**Dataset section**
___

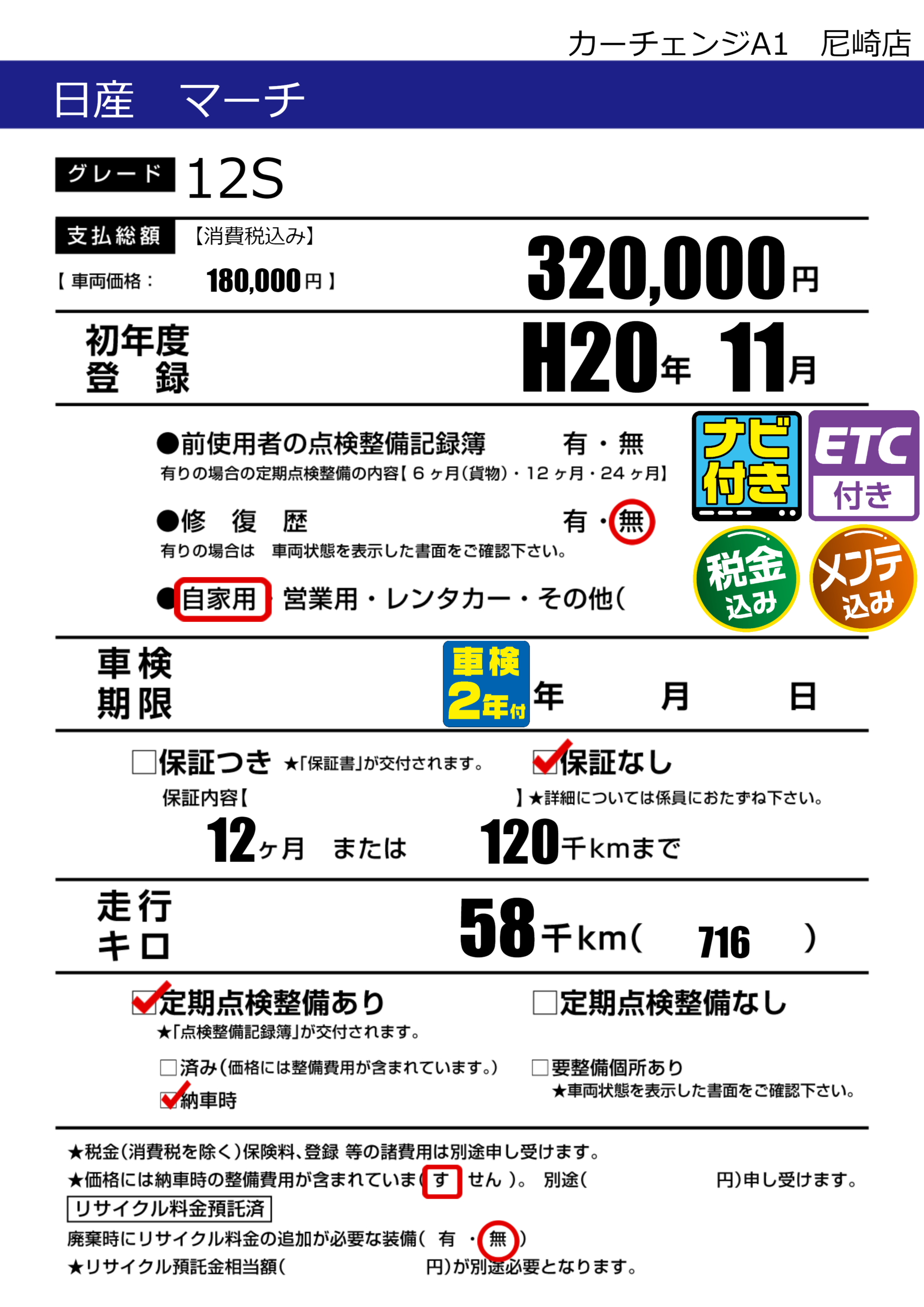 | 車名 | 日産 マーチ | グレード ミッション 排気量 |
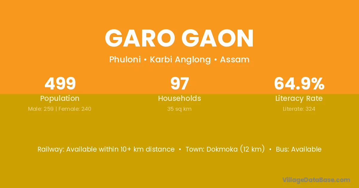 Dokmoka (12 km) is the nearest town to Garo Gaon village for major economic activities and is located approximately 12 km away.
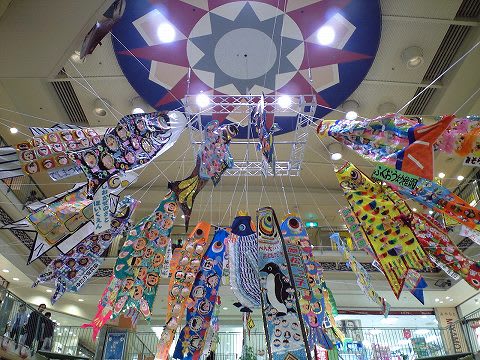 内緒さん この鯉のぼり、市内のどこかの幼稚園児が作ったらしいです。 時代を反映しているんでしょうね...

___

**The problem**
Reprint the whole listing verbatim except for the pictures.

**Completed task**
 | 車名 | 日産 マーチ | グレード ミッション 排気量 |
 Dokmoka (12 km) is the nearest town to Garo Gaon village for major economic activities and is located approximately 12 km away.
 内緒さん この鯉のぼり、市内のどこかの幼稚園児が作ったらしいです。 時代を反映しているんでしょうね...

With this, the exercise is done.